Selon moi, le plus violent n’était pas forcément d’ajouter encore des détails sordides. Un parking qui continue à fonctionner pendant qu’un drame se joue aurait largement suffi. Le paquet de courses, les discussions sur les merguez, les promotions et le bruit des caddies étaient déjà plus glaçants que l’autopsie détaillée du corps.
La vraie ironie du texte, c’est qu’il critique une société qui transforme la souffrance en spectacle… en proposant lui-même un spectacle de la souffrance. On ne pense plus vraiment à l’enfant oublié : il n’existe plus qu’à travers son corps mort et le regard qu’on pose dessus. Et ce regard, le lecteur le partage avec les mêmes spectateurs que le texte condamne.
Une mise en abyme involontaire (?) Mais finalement, c’est presque la partie la plus intéressante du texte : il réussit à reproduire le mécanisme qu’il voulait dénoncer.
Ce que j'ai kiffé : le texte ne s'arrête pas en chemin, ne nous épargne rien, ça va au bout du glauque et de l'indécence. On commence par une canicule on finit dans une fournaise infernale, car ce qui est d'abord un drame individuel finit par révéler le véritable rouleau compresseur qu'est le système consumériste.

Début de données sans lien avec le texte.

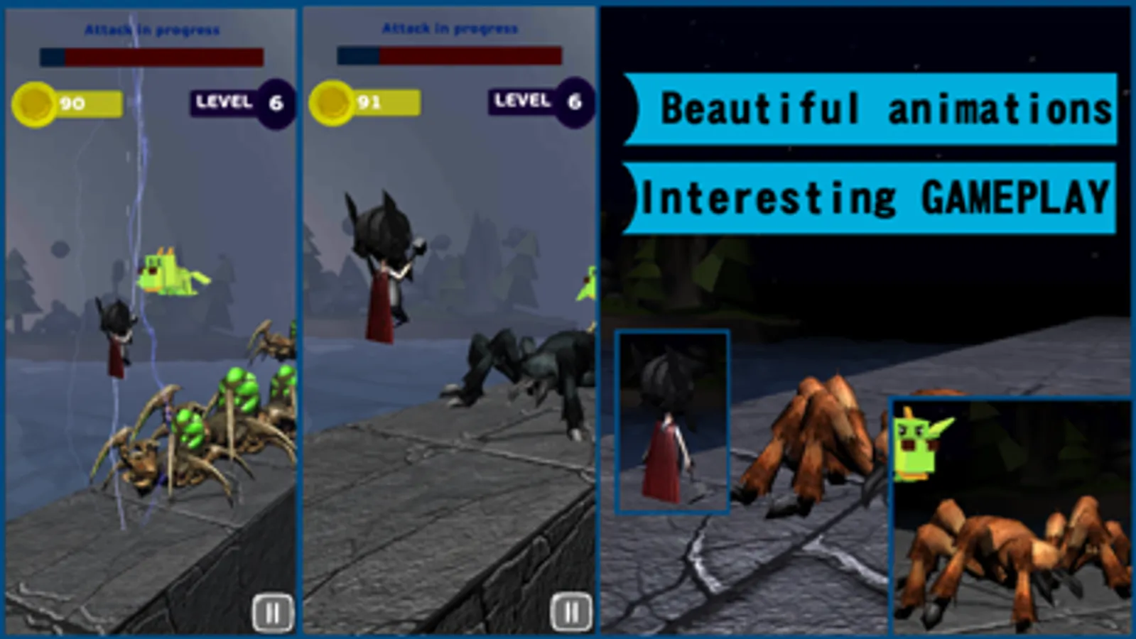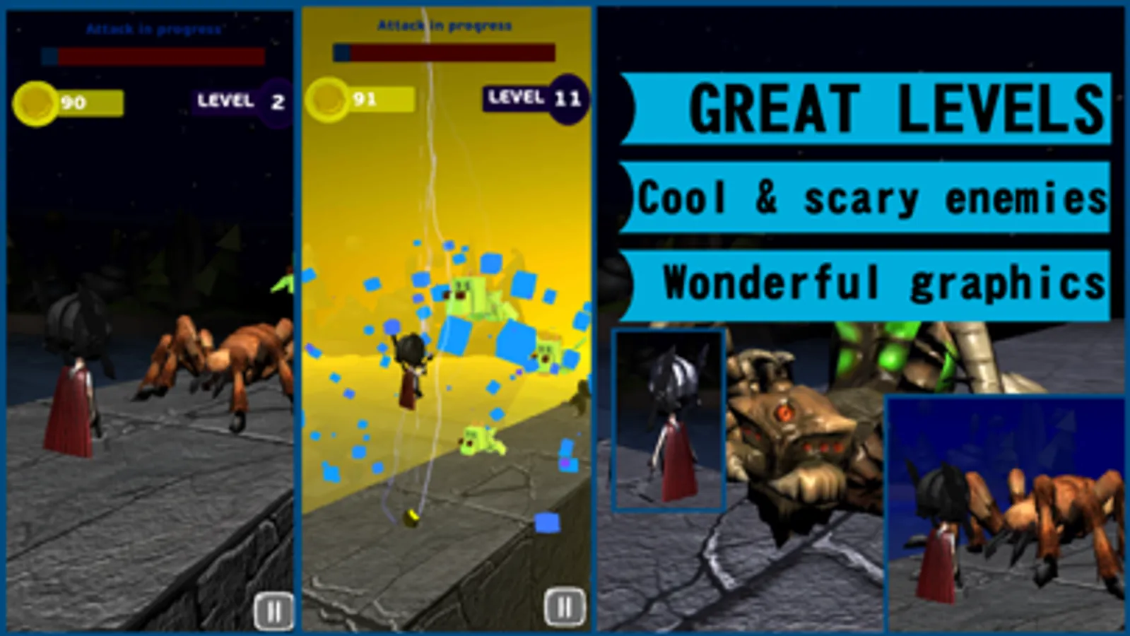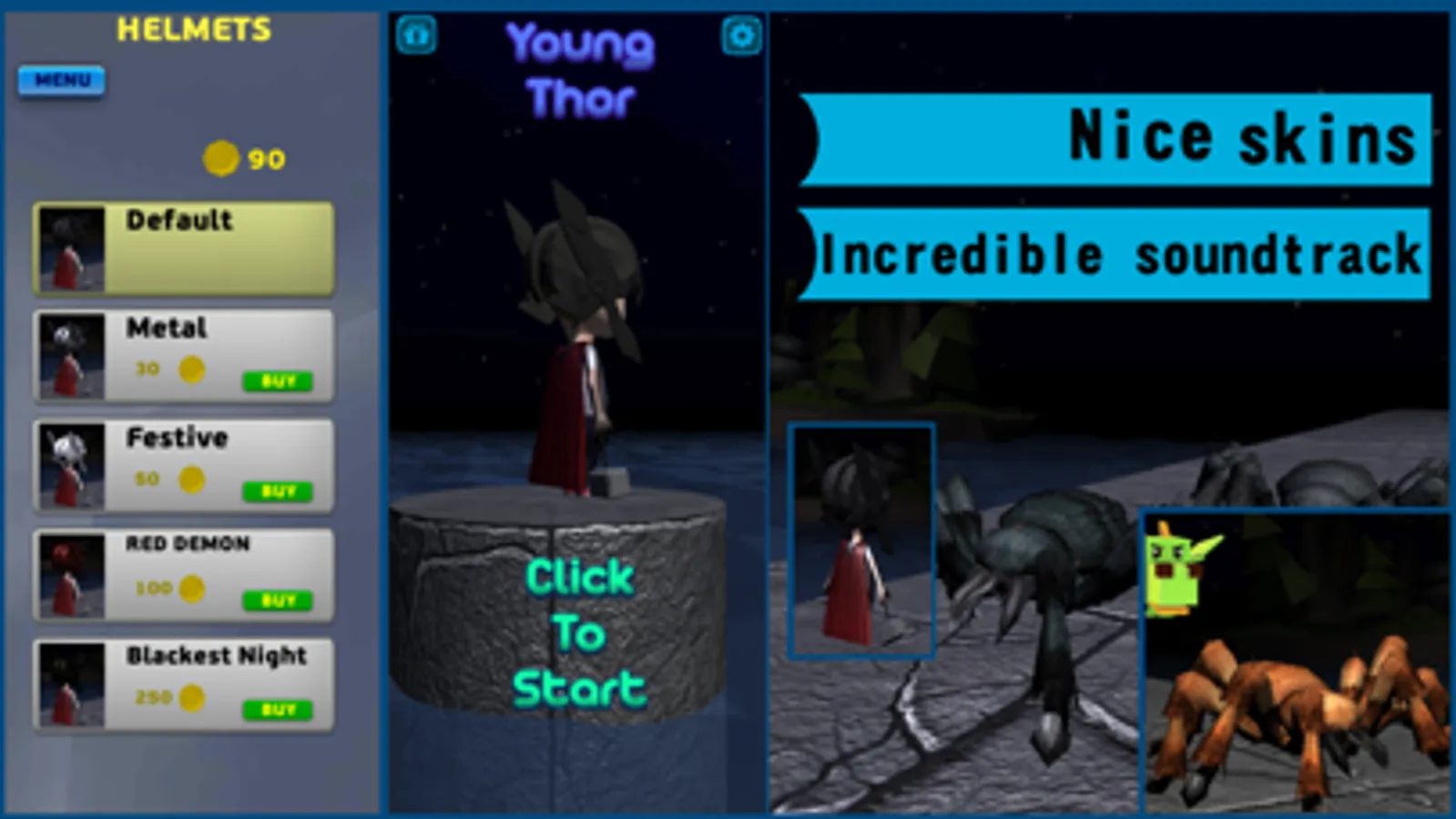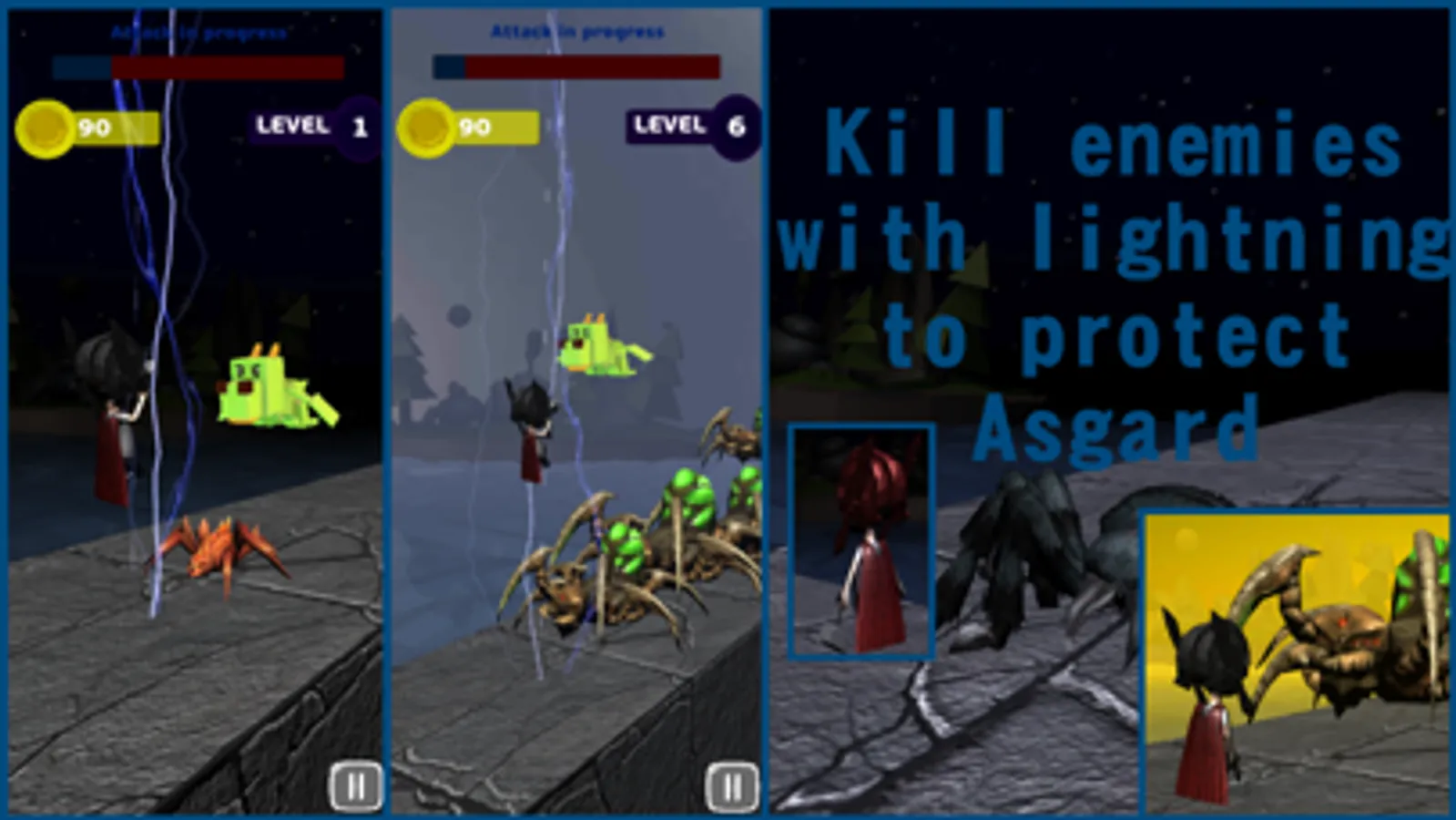 Hold to fly and to create lightning which will kill each enemy that lightning collisions with. Each enemy wants to destroy Asgard, so don't let them to avoid lightning and don't let them to touch you, because that will kill you. Sometime when you kill spider, dragon or other kind of strange creature you can get coin, which you can use to buy new helmets.

Un peu moins : j'aurais trouvé ça plus glaçant et moins facile/attendu que les témoins passifs du drame soient autre chose que la caricature de beauf qui s'achète son coca par packs entiers et qui ne pense qu'à la prochaine promo sur les merguez/saucisses.
Je comprends la réaction de certains des quidams, car oui c'est triste un enfant mort, mais un barbecue c'est sacré, presque une action de grâce, on touche au divin dans la fumée de chipolatas et les vapeurs d'un cubi de rouge, on se rapproche du Créateur, c'est à chaque fois un instant suspendu, une épiphanie, une communion avec les Anges.